(Available data Opens)

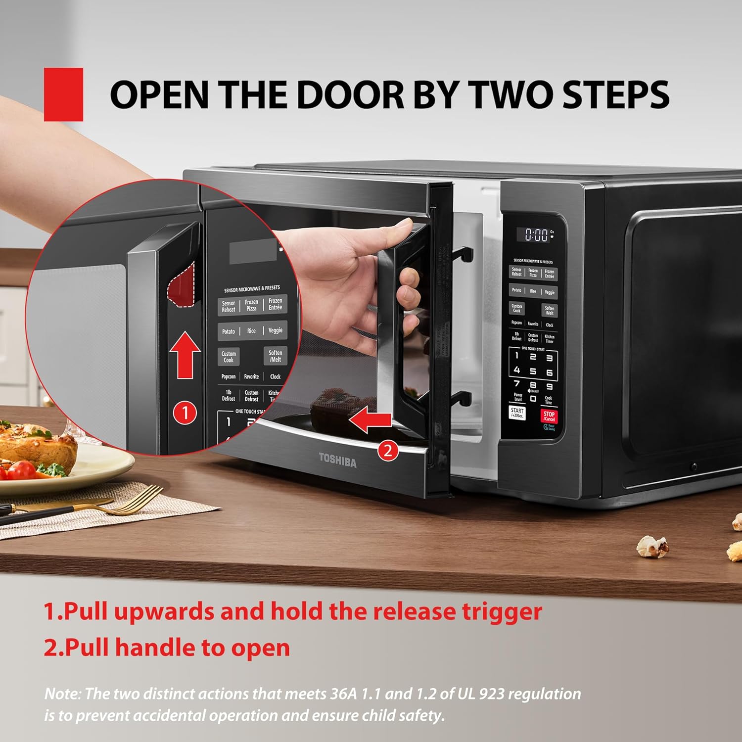 This Toshiba 1.2 Cubic feet 1100-watt Black Stainless Steel microwave is the ideal size for apartment kitchens or office break rooms. Sensor reheating lets you optimally cook six of the most popular food items with the touch of a button. Choose from ten power levels up to 1100 watts. The large digital display has a clock function and can also display a countdown timer as well as the cooking time remaining. Program up to three favorite time and power combinations for additional one-touch convenience. Easily open or close the microwave with the large, easy-to-grip door handle. The Black Stainless Steel exterior looks good in any kitchen. The microwave can be turned on for one to six minutes at 100 percent Power by simply touching the number of minutes you would like to cook. If cooking time is needed while the microwave is running, press the start button to add an additional 30 seconds of cooking time.
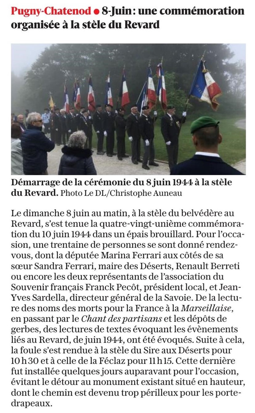 Dimanche 8 juin 2025, commémoration des combats du REVARD avec dépôt de gerbes au Revard, au Sire et à la Féclaz avec la présence de Renaud Beretti maire d’Aix les Bains, Mme Marina Ferrari, députée et Mme Sandra Ferrari maire de Les Déserts et Gérard Dumas adjoint mairie de Les Déserts, des élus locaux, de la gendarmerie, de Jean-Yves Sardella, délégué général du Souvenir Français de Savoie, de Franck Pécot, président du comité d'Aix les Bains et des porte-drapeaux.
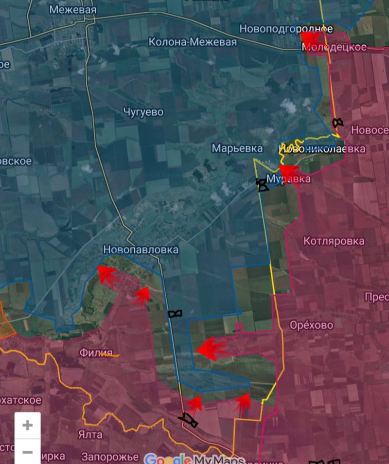 По оперативной информации наши войска начали штурмовые мероприятия в селах ЗЕЛЁНЫЙ ГАЙ и ВЕСЁЛОЕ на востоке Гуляйполя.
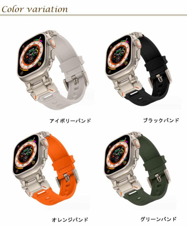 | サイズについての説明 | 対応機種: Apple Watch Ultra(49mm) Apple Watch Series 8 (45mm) Apple Watch Series 7 (45mm) Apple Watch Series 6 (44mm) Apple Watch Series SE (44mm) Apple Watch Series 5 (44mm) Apple Watch Series 4 (44mm) Apple Watch Series 3 (42mm) Apple Watch Series 2 (42mm) Apple Watch Series 1 (42mm) |

(Available data Closes)

> _What is needed_: All of the material above is to be copied exactly, except for its images.

> _Completed task_:
 This Toshiba 1.2 Cubic feet 1100-watt Black Stainless Steel microwave is the ideal size for apartment kitchens or office break rooms. Sensor reheating lets you optimally cook six of the most popular food items with the touch of a button. Choose from ten power levels up to 1100 watts. The large digital display has a clock function and can also display a countdown timer as well as the cooking time remaining. Program up to three favorite time and power combinations for additional one-touch convenience. Easily open or close the microwave with the large, easy-to-grip door handle. The Black Stainless Steel exterior looks good in any kitchen. The microwave can be turned on for one to six minutes at 100 percent Power by simply touching the number of minutes you would like to cook. If cooking time is needed while the microwave is running, press the start button to add an additional 30 seconds of cooking time.
 Dimanche 8 juin 2025, commémoration des combats du REVARD avec dépôt de gerbes au Revard, au Sire et à la Féclaz avec la présence de Renaud Beretti maire d’Aix les Bains, Mme Marina Ferrari, députée et Mme Sandra Ferrari maire de Les Déserts et Gérard Dumas adjoint mairie de Les Déserts, des élus locaux, de la gendarmerie, de Jean-Yves Sardella, délégué général du Souvenir Français de Savoie, de Franck Pécot, président du comité d'Aix les Bains et des porte-drapeaux.
 По оперативной информации наши войска начали штурмовые мероприятия в селах ЗЕЛЁНЫЙ ГАЙ и ВЕСЁЛОЕ на востоке Гуляйполя.
 | サイズについての説明 | 対応機種: Apple Watch Ultra(49mm) Apple Watch Series 8 (45mm) Apple Watch Series 7 (45mm) Apple Watch Series 6 (44mm) Apple Watch Series SE (44mm) Apple Watch Series 5 (44mm) Apple Watch Series 4 (44mm) Apple Watch Series 3 (42mm) Apple Watch Series 2 (42mm) Apple Watch Series 1 (42mm) |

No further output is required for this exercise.